Rachel coughed and seemed uncomfortable. They’d agreed to be open, to let each other have ideas and opinions without feeling mad or threatened.
“It’s true,” she said. “I mean, Martin, I think you have been surprised lately that Jonah is as mature as he is. That seems to have really almost upset you. You know, you really have yelled at him a lot. We can’t just pretend that hasn’t happened.” She looked at him apologetically. “Aside,” she added, “from the scary things that he’s been saying.”
“Is it maturity? I don’t think so. Have I been upset? Fucking hell, yes. And so have you, Rachel. And not because he thinks the Jews caused 9/11 or because he threatened to report us for sexual abuse for trying to hug him, which, for what it’s worth, I spared you from, Rachel. I spared you. Because I didn’t think you could bear it.”
Rachel just stared at him.
“What you’re seeing is a very, very bright boy,” the doctor said.
“Too smart to treat?” Martin asked.
“I think family therapy would be productive. Very challenging, but worthwhile, in my opinion. I could get you a referral. What you’re upset about, in relation to your son, may not fall under the purview of medicine, though.”
“The purview? Really?”
“To be honest, I was on the fence about medication. Whatever is going on with Jonah, it does not present as depression. In my opinion, Jonah does not have a medical condition.”
Martin stood up.
“He’s not sick, he’s just an asshole, is what you’re saying?”

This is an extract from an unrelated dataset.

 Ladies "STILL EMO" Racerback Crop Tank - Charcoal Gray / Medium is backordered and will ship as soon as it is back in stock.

“I think that’s a very dangerous way for a parent to feel,” the doctor said.
“Yeah?” Martin said, standing over the doctor now. “You’re right. You got that one right. Because all of a parent’s feelings are dangerous, you motherfucker.”

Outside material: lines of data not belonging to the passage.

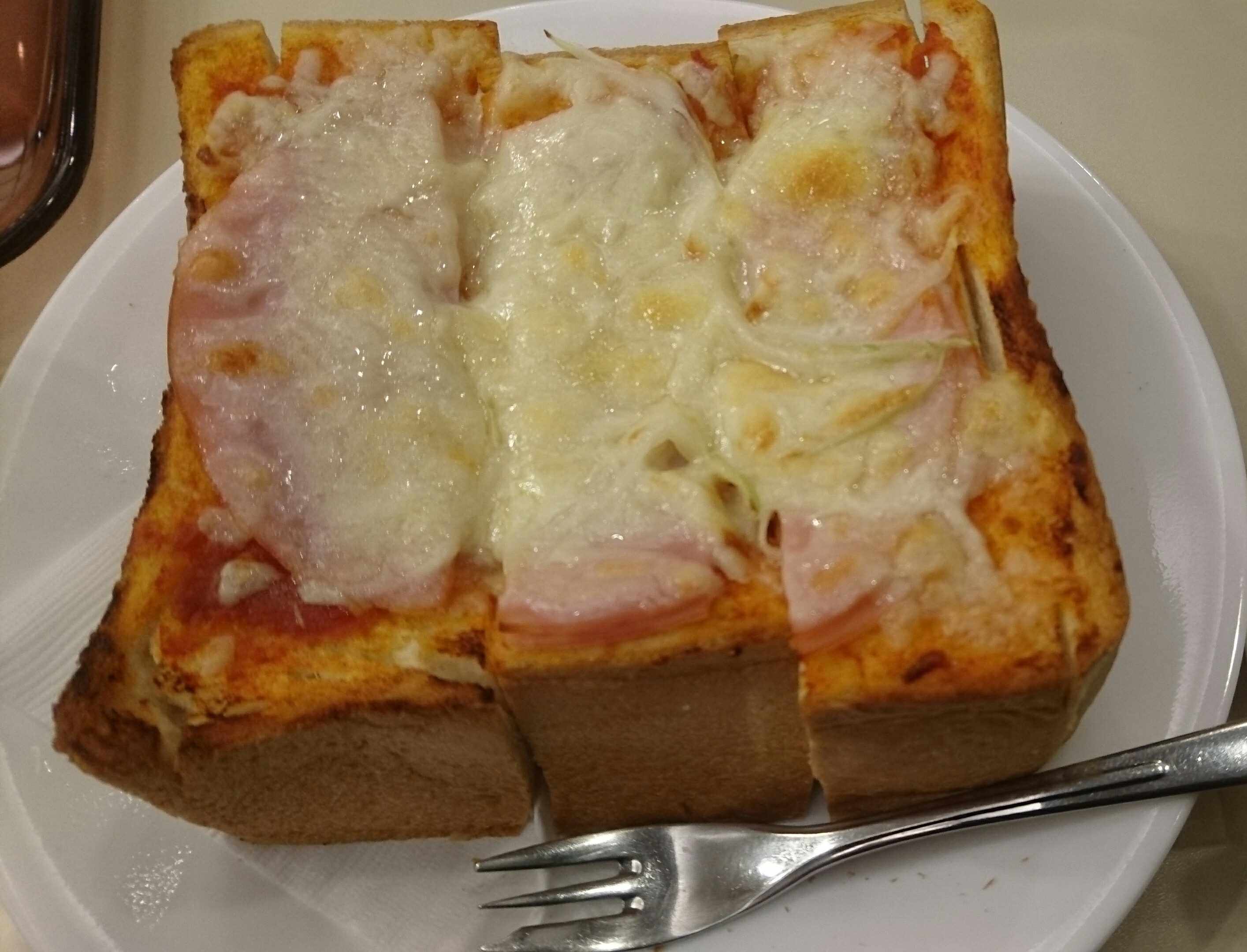 ピザトーストを注文したのですが、こんな分厚いものには馴染みがなかったのでビックリ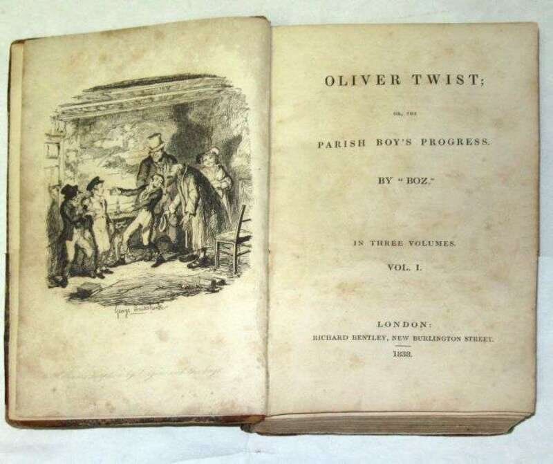 (Dickens, Charles.) Oliver Twist; or The Parish Boy's Progress. By "Boz." London: Richard Bentley, 1838. First edition, second issue. 8vo, contemp. 1/4 calf & marbled bds.; rubbed, spines defective. Front cover of vol. 1 detached. Lacking title page in vol. 2, lacking 1/2 titles called for in vols. 1 & 2, lacking adverts. at front of vol. 3. With 24 plates by George Cruikshank (1 loose). With 4 pp. adverts. at back of vol. 1. Scattered light to moderate foxing, plates often moderately foxed. Sold with all faults.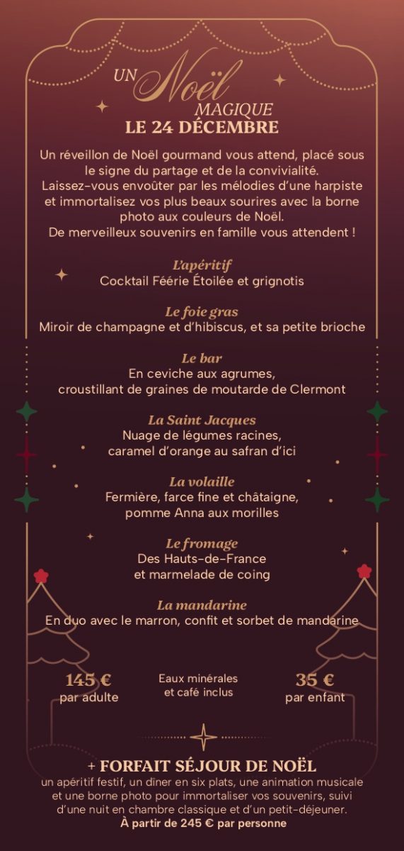 Un réveillon de Noël gourmand vous attend, placé sous le signe du partage et de la convivialité.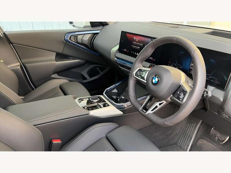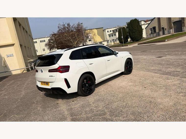 Active guard professional, Attentiveness assist, Automatic operation of tailgate, BMW ConnectedDrive online services, BMW iDrive, BMW Live cockpit plus, BMW Online services, BMW Teleservices, Brake pad wear indicator, Condition based service, Drive off assistant, Flat tyre monitor, Language version English, My Mode - Personal, Efficient, Sport, Relax, Expressive, Parking assistant, Reversing assist camera, Servotronic system, Variable sport steering, Dynamic stability control, Multiple control arm rear axle, Steptronic transmission with gearshift paddles, Two-joint strut-type front axle with tension strut, DAB tuner, Personal eSim, 4 tailpipe tips, B-pillar trim panel in black high-gloss, BMW badge on front and rear, BMW M-specific front/rear bumpers and side sills, BMW M-specific radiator grille with horizontal bars in Dark Silver and M logo, Body colour mirror caps, Daytime running lights, Door handles flush to the surface with lock barrel on driver's side is illuminated and in vehicle colour, Dynamic brake lights, Electric adjustable and heated door mirrors, Electric window trap release and convenient opening/closing feature, Headlight beam throw control, Heated rear window, Heated windscreen washer jets, High beam assistant, LED 3rd brake light, LED rear lights, LED tail lights, LED turning indicators, Locking of the doors, M high-gloss shadowline, M-specific Exterior mirrors, Mirror base and mirror blade in satinised aluminium, Mirror triangle in black high-gloss, Rain sensor with automatic headlight activation, Rear side wing doors, Rear wiper, Reversing light, Side window frame in black high-gloss, Windscreen wipers, 12v power socket in front centre console and luggage compartment, 2 x USB Type C ports for charging and data transmission (front centre console) and 2 x USB Type C ports for charging (rear centre console), 3 rear headrests, 3 seat bench in 2nd row, 3 zone automatic air conditioning, 40:20:40 split folding rear seat with loading system, Ambient lighting, Anthracite headlining, Electric adjustable seats with memory function, Floor mats in velour, Footrest and pedals in black plastic, Four grab handles integrated in roof lining, Front armrest with integrated control panel, Front centre console trim in black high-gloss, Front head restraints, Front passenger seat, Front sports seats, Glove compartment, i-Size / ISOFIX attachment points on both outer rear seats, with covers in black, Interior door handles in dark chrome, Luggage compartment separating net, M sport leather steering wheel, Multifunction steering wheel, Rear side armrests integrated into door trim, Selector lever with toggle operation, Steering column adjustment, Sun visors with illuminated vanity mirrors, Three upper retaining strap clips integrated into the rear panels of the seat backrests, Through loading system, Two front cupholders and two in the rear center armrest, Wireless charging tray, Connected pro package - X3, Driving assistant package - X3, Driving assistant plus pack - X3, Interior and exterior mirror package - X3, 3 point seatbelts, Airbag deployment is controlled with respect to the intensity and scope, Anti-lock braking system (ABS), Automatic hold function, BMW emergency call, Brake assist, Brake drying, Brake energy regeneration, Braking readiness, Central airbag, Child locks on rear doors, Cornering brake control (CBC), Crash Sensor - activation of central locking release, hazard warning light and interior lighting, Driver and front passenger front and side airbags, Dynamic brake control, Electromechanical parking brake, Front and rear disc brakes, Head airbags, Integrated braking system, Post Crash Collision Warning with braking function, Trailer stability control, Tyre pressure sensor, Warning triangle, Alarm system, Closing system with central locking, Comfort access system with BMW digital key plus, Locking wheel bolts, Start/stop button with keyless motor start with acoustic drive, Tyre repair kit plus,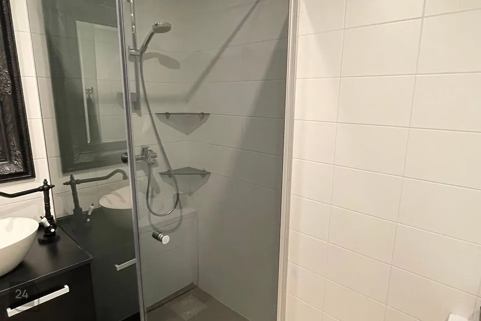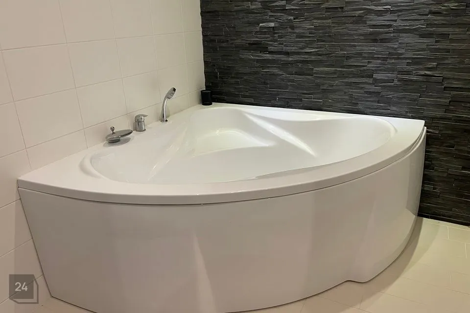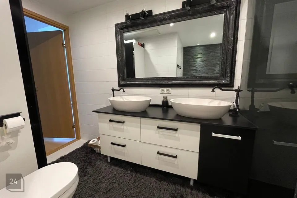 Suures vannitoas (9m2) on seintel ning põrandatel valged plaadid, millele on lisatud kontrasti dekoratiivkivist seinaga. Lisaks on vannitoas kahe Xonyx kivimassist (Balteco) valamuga kapp, mis võimaldab pereliikmetel näiteks samaaegselt hommikuhügieeni teha ja nutipeeglilt pere nädalagraafikut või uudeiseid lugeda. Kuivati ja pesumasina saab silma alt peitu panna selleks ette valmistatud nurgakappi.

At home that night, Martin stuffed a chicken with lemon halves, drenched it in olive oil, scattered a handful of salt over it, and blasted it in the oven until it emerged deeply burnished, with skin as crisp as glass. Rachel poured drinks for the two of them, and they cooked in silence. To Martin, it was a harmless silence. He could trust it, and if he couldn’t, then to hell with it. He wasn’t going to chase down everything unsaid and shout it into their home, as if all important messages on the planet needed to be shared. He’d said enough, things he believed, things he didn’t. Quota achieved. Quota surpassed.
Rachel looked small and tired. Beyond that, he wasn’t sure. He was more aware than ever, as she set the table and put out Lester’s cup and Jonah’s big-kid glass, how impossibly unknowable she would always be—what she thought, what she felt—how what was most special about her was the careful way she guarded it all.
No matter their theories—about Jonah or each other or the larger world—their job was to watch over Jonah on his cold voyage. He had to come back. This kind of controlled solitude was unsustainable. No one could pull it off, especially not someone so young. Except that his reasoning on this, he knew, was wishful parental bullshit. Of course a child could do it. Who else but children to lead the species into darkness? Which meant what for the old-timers left behind?